• DATA EXTRACT

........

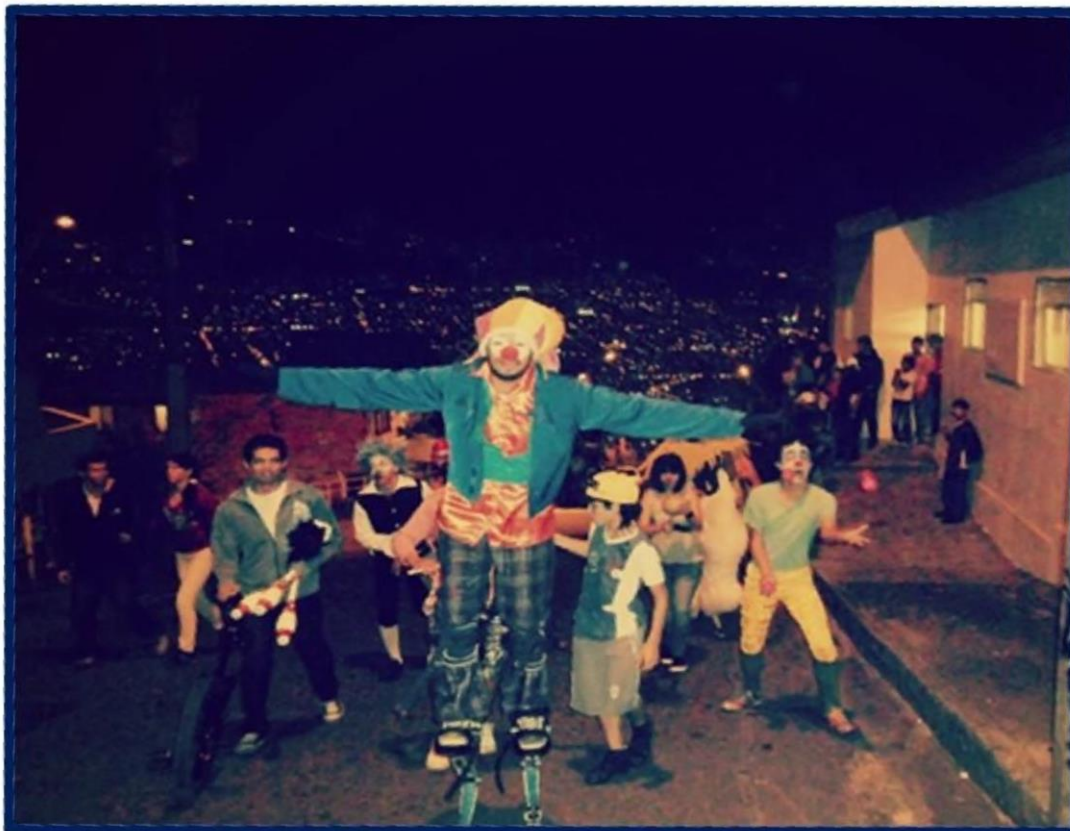
Foto 2. Primera Lunada Artística y Cultural en Robledo Aures 3 .

En sus principios, la Lunada Artística y Cultural, se pretendió realizar en un parque ubicado en el sector conocido como El Depósito, sin embargo, no fue posible por enfrentamientos que se daban entre las bandas que operaban allí, y por esto deciden realizarlas en un predio ubicado detrás de la Iglesia “San Francisco de Sales”, más conocida como la iglesia de Aures, la cual era también una frontera invisible pero a su vez una oportunidad para la apropiación y resignificación del espacio; como lo expresa un integrante de Robledo Venga Parchemos
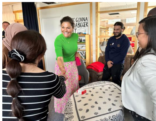
Kronprinsessan Viktoria besökte folkhögskolan 13 maj 2025.
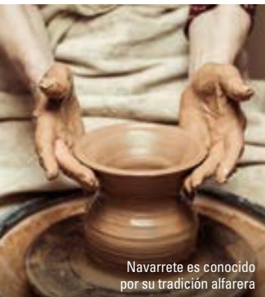
Navarrete es conocido por su tradición alfarera
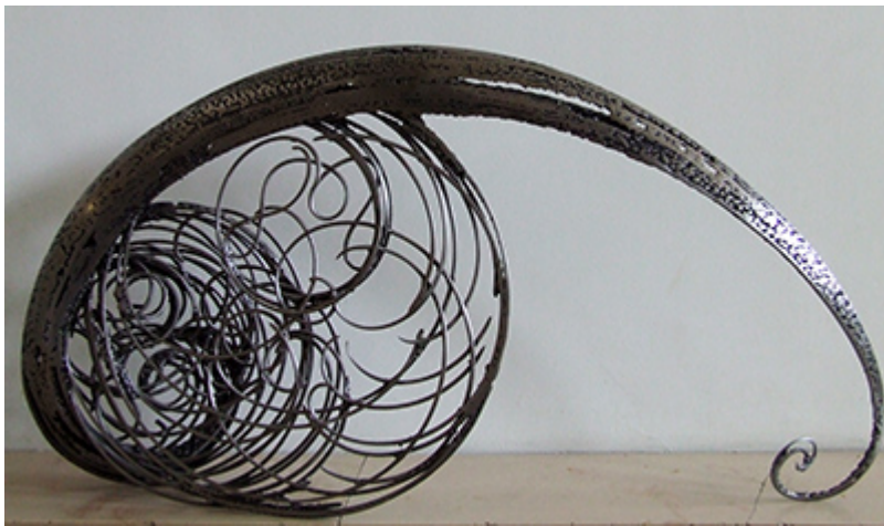
« EXPANSION UNIVERSELLE » Métal fusionné 60X120X20cm
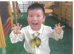
ガオン 🐾 食べちゃって!!
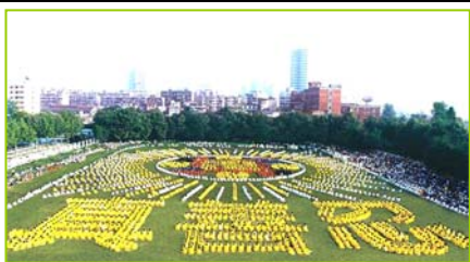
1997年武汉五千多法轮功学员炼功，排组法轮图形和“真善忍”字样

炼大法，以“真善忍”为根本指导。经亿万人的修炼实践证明，法轮大法是大法大道，在把真正修炼的人带到高层次的同时，对稳定社会、提高人们的身体素质和道德水准，也起到了不可估量的正面作用。
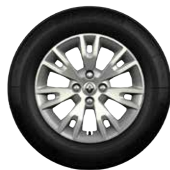
Embellecedor Eptius 15"
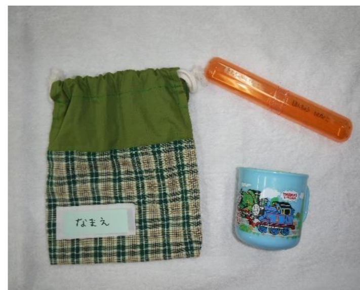
【歯ブラシケース・コップ・コップ袋】
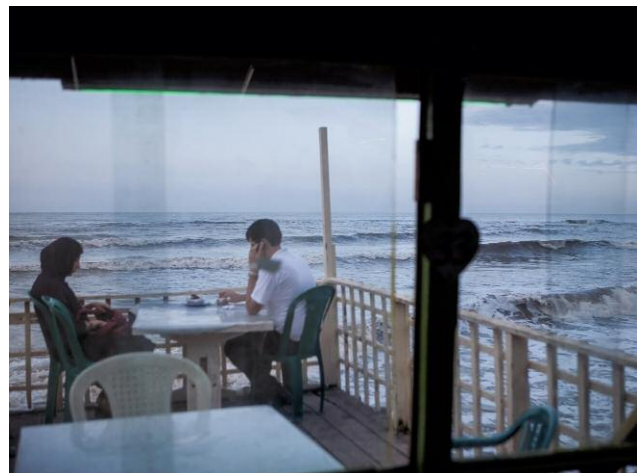
10. A couple sitting by the sea.
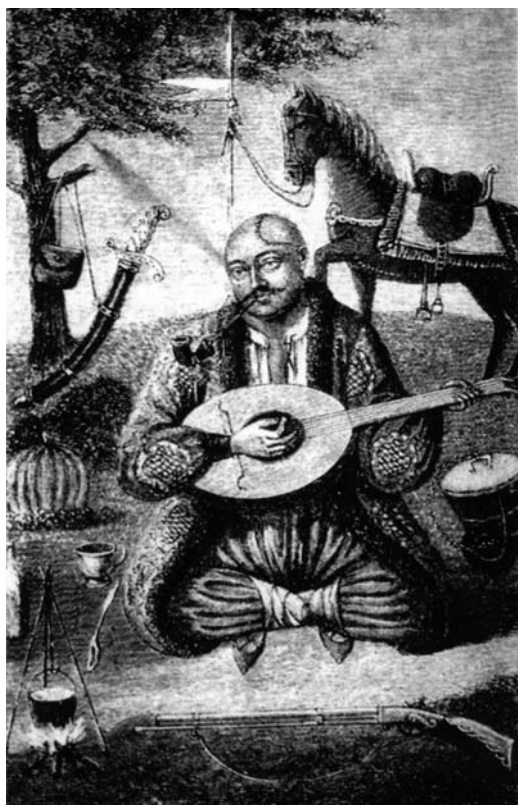
Картина «Гайдамака». Кін. XVIII ст. Из зібрання Я.Новицького; за книгою Д.І. Яворницького «Запорожье в остатках старины и предания народа» (1888)

що картини з написом «Козак Мамай» включають сцени гайдамацької розправи» [4, с.7].
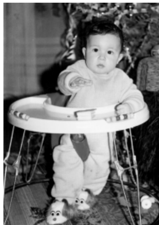
КРАСИ - 1 годинка
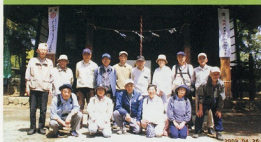
史跡めぐり⑨ H21.4.26日 伊勢原駅周辺コース 参加者15人
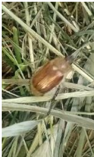
Клас: Комахи Родина: Пластинчастовусі Вид: M. melolontha
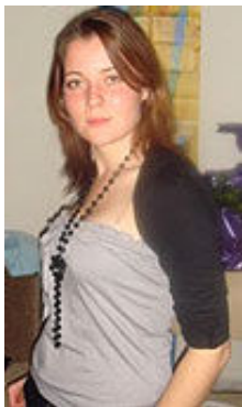
Alla 24 Jahre

........

• WHAT YOU WILL DO
Every line that holds the word "Lunada" should be copied from the records above.

• TASK SOLUTION
Foto 2. Primera Lunada Artística y Cultural en Robledo Aures 3 .
En sus principios, la Lunada Artística y Cultural, se pretendió realizar en un parque ubicado en el sector conocido como El Depósito, sin embargo, no fue posible por enfrentamientos que se daban entre las bandas que operaban allí, y por esto deciden realizarlas en un predio ubicado detrás de la Iglesia “San Francisco de Sales”, más conocida como la iglesia de Aures, la cual era también una frontera invisible pero a su vez una oportunidad para la apropiación y resignificación del espacio; como lo expresa un integrante de Robledo Venga Parchemos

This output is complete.